Computerland has also taken steps to insure its technology functions. "I think it's needed, as in our case it protects us in our service delivery to our clients," explains Huri Parata, IS manager.
"It is less the damage to materials that is of concern - as DR and security measures aim to mitigate risk associated with this - and more the intangibles that inhibit our service delivery, intellectual property, data integrity, error in judgement, reliance on service providers, and so on."
Parata says the company is also investigating new insurance to cover one aspect of its business. "Insurers are classifying Web designers as publishers. A potentially high exposure could also arise if a company has advertising links on their own site to another company. The link site could contain libellous, defamatory statements, or breaches of copyright that could result in both companies being held liable. This exposure is greatly increased by the fact that visitors to the site could be worldwide."
A future imperative
Gartner believes, by the end of 2006, a quarter of large enterprises will carry hacker insurance. And firms that take on this cover should be prepared to shell out more, if certain security issues - like those faced by Windows NT users - are unresolved.

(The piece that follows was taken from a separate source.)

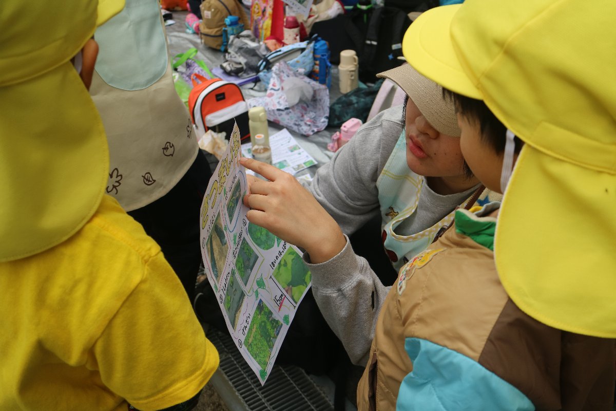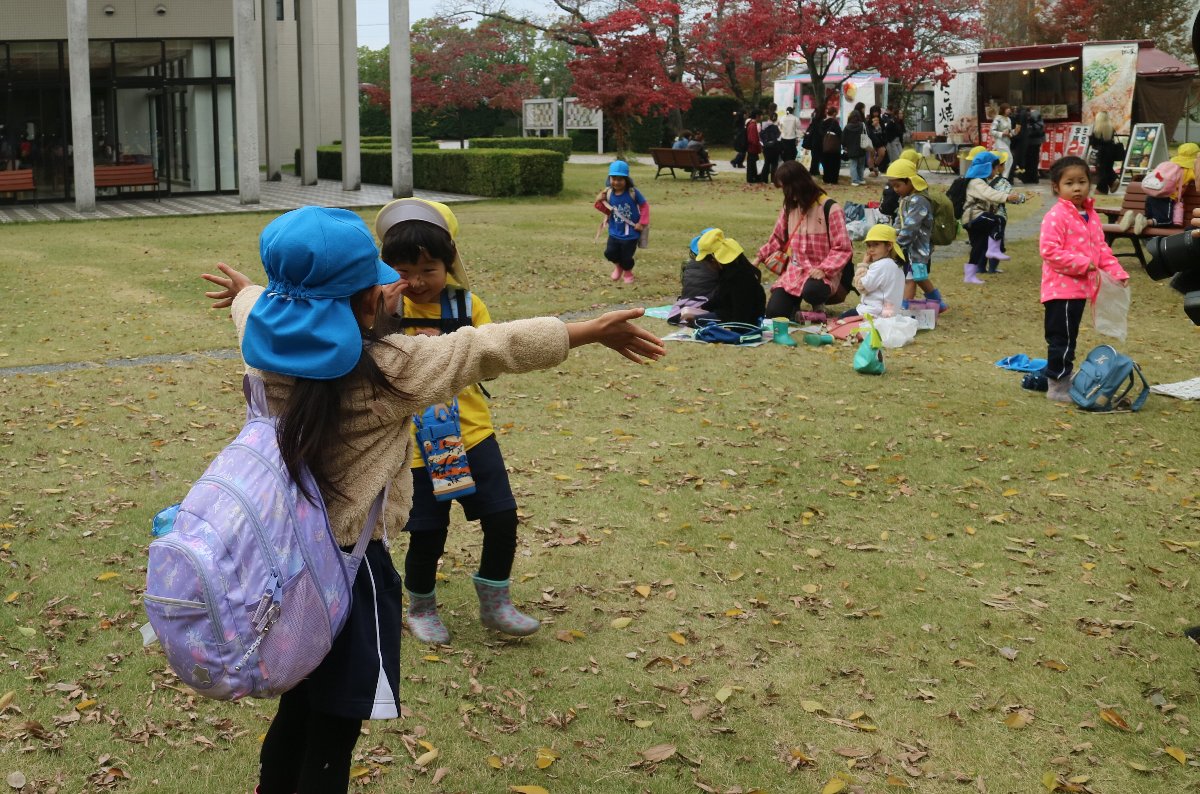 園児たちはこの後、キャンパス内の芝生でお弁当とおやつを食べ、落ち葉で遊んだり、どんぐりを拾いをしました。たくさんの秋にふれあえた1日でした。

Steven Froud, analyst for Business Continuity, claims while insurance is a vital part of business continuity strategy, it is only one aspect of managing business risks. "The use of insurance to transfer risk is needed to provide assurance against fire and theft. But it needs to be remembered that it's also important, as part of business continuity strategy, to insure the IT functions, facilities and equipment relating to hot sites, or other types of recovery centres in the same way you would your usual facilities and equipment. Business continuity and insurance go hand in hand in assuring against disaster."
McCauley of Deloitte's reckons, with the rapid state of change in today's IT market, it is often difficult to identify 100 per cent of an IT system's problems. "If organisations cannot afford the cost of a security breach, then an insurance policy is a 'must have', in the same way as building and contents insurance."
IT commentator Bruce Schneier also lists insurance as a must in a good security policy. Corporate duties of care require enterprises to find additional ways of preventing financial loss from hacking, he says.
If a renowned company is hacked, it is unlikely shareholders would be satisfied knowing the CIO "did their best". In around five years, Schneier predicts, "there will be high-profile shareholder lawsuits in companies that lose market share, stock value or money because they were hacked. When officers don't take due care with their corporate assets, they get sued.
"I believe that just like every company has insurance for fire, theft and business continuity, as well as 'key man' insurance for executives, they should have network insurance, period."